When he and Karean married, they had a lovely DIY ceremony in a restaurant in Canton, and asked me to shoot pictures of the ceremony. With my limited skills and equipment I did the best I could, but I was just happy to be part of the day. Looking back on this, I see it as sort of the high-water mark of the group of our friends; in the years directly after we all started scattering to distant cities and states. Soon after this I split up with my girlfriend, but the three of us stayed close.
Time passed, and I met Jen. He and Karean welcomed her into their lives and our friendship grew. The four of us made time to get together for dinner and trips even as we made plans to move out of the city. As Jen and I got serious about getting married, I asked him to be the best man at my wedding. Here again, he organized a quiet, classy, fantastic bachelor dinner. With his typical class and grace, he outshone me in all of the pictures (served me right for asking such a photogenic man to be in my wedding), understood and leapt into action when I realized I’d left the rings on the shelf in our hallway (the church was down the street so the problem was a minor one), and stood beside me as I asked Jen to be my wife. Once again, his toast was on point.
Later that year, when our friends Matt and Sophie got married, we all flew out to San Francisco for an epic wedding and the four of us spent a couple of days kicking around the city together.
We got together to visit new restaurants, explore the Eastern Shore, and spend time together. The time between our calls got longer but we still got together and kept in touch–in no small part due to Jen and Karean. When Jen and I found out she was pregnant, they were some of the first friends we shared the news with, and some of the first people to meet her besides our family. Not long after that, we found out they were expecting too.
As our kids grew, we made a point of getting together more, both for the adults and for the kids. Dinners, concerts, Wildkratts, and day trips over the Bay Bridge.
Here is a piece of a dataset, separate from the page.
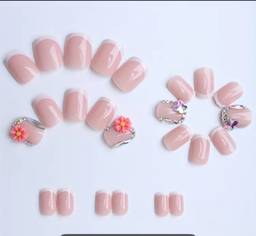 Models are wearing acrylic professionals nails. Press ons are made of acrylic resin, gel, or plastic.
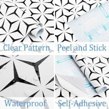Show moreDiscover the breathtaking beauty of the Heroad Wall Paper Peel and Stick Wallpaper, expertly designed to elevate any room with a modern black and white geometric motif. Perfectly blending style with functionality, this wallpaper is crafted from high-quality faux vinyl/pvc material, ensuring durability and a premium look while adhering to your surfaces effortlessly. Measuring 17.7" x 118" per roll, you'll cover an impressive 14.5 square feet, making it a cost-effective and designer choice for both novice decorators and seasoned pros alike.

In 2014 we planned our vacation together and found a house in Delaware to rent. For an idyllic week we hung out on the beach, watched the kids play together, and ate guacamole.
Somewhere in that week, as the kids played in the surf, he told us how much the vacation–and our friendship–meant to the two of them. He asked if it was OK with us for Zachary to call us Uncle Bill and Aunt Jen, and we were honored. It was a natural extension of our friendship–we thought of each other as family.
This year I planned early and had a beach house located and rented by March. We were all looking forward to our week together. I don’t know what happened. I don’t have details, and if I did I wouldn’t share them here anyway. I do know that part of my family is gone, and I’m still dealing with that reality.
I spent time on the phone Saturday with a select group of old friends to let them know what happened, and found myself trading stories and photos via text until about 10PM. Part of that time I was down in the basement going through my print photos and another part was spent in my Amazon Prime archives pulling photos together.
I will miss his humor. I’ll miss his quiet intelligence, his advice, and easygoing warmth. I’m going to miss growing old with him, like we joked about–two old farts sitting on a porch drinking beers together. I’ve got a hole in my heart where he should be.